The limestone and chalk quarries at Maastricht continued to provide specimens for collectors, and indeed the final 6 million years of the Cretaceous are known to this day as the Maastrichtian epoch. In spite of his studies of fossil mammals – including extinct species, like mammoths – Cuvier steadfastly refused to accept the concept of evolution. To him, species were immutable, and he substantiated this notion by comparing mummified cats and dogs from ancient Egypt and showing that these creatures were unaltered when compared with present-day specimens. Frozen carcasses of woolly mammoths had first been excavated by explorers in the 1690s, and the first scientifically documented example was discovered in the mouth of the River Lena, Siberia, by a Siberian hunter named Ossip Schumachov in 1799.31

Schumachov saw these carcasses as a viable source of tusks that he could sell on to ivory traders, but Johann Friedrich Adam, a Russian explorer who later changed his forename to Michael, went at once to inspect the newly discovered frozen carcass. He found that much had already been devoured by wolves. Even so, it provided the most complete mammoth skeleton ever found and was assembled at the Zoological Institute of the Russian Academy of Sciences, where it was mounted alongside a skeleton of an Indian elephant.

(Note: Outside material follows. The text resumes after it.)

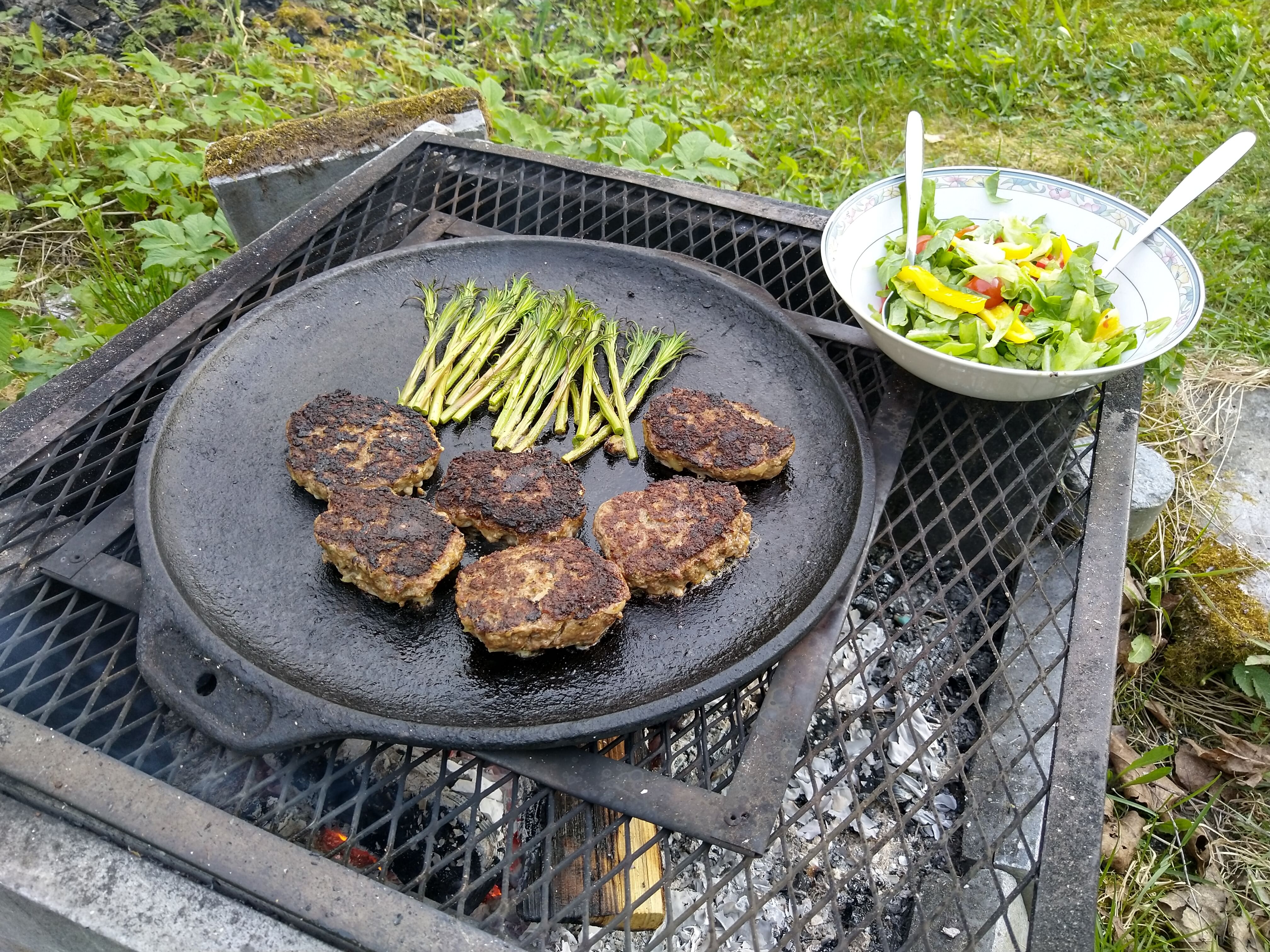 Organic beef burgers, porcine sauce, campfire potatoes

This substantiated that animals could become extinct and that skeletons of preserved carcasses were similar to the fossilized remains that were excavated elsewhere. Cuvier documented his fossil skeletons, and in 1812 he published his research, serving to dignify the study of fossils. The Maastricht fossil was a lizard as big as a crocodile, and the pterodactyl he distinguished from birds or bats, insisting it was a flying reptile. These were exciting conclusions that were already causing consternation and interest among scientists and writers. It was now clear that there had been eras when strange and unfamiliar creatures roamed the Earth32 and in Bleak House, which Charles Dickens started writing in 1852, he said it would be ‘wonderful to meet a Megalosaurus, forty feet long or so, waddling like an elephantine lizard up Holborn Hill.’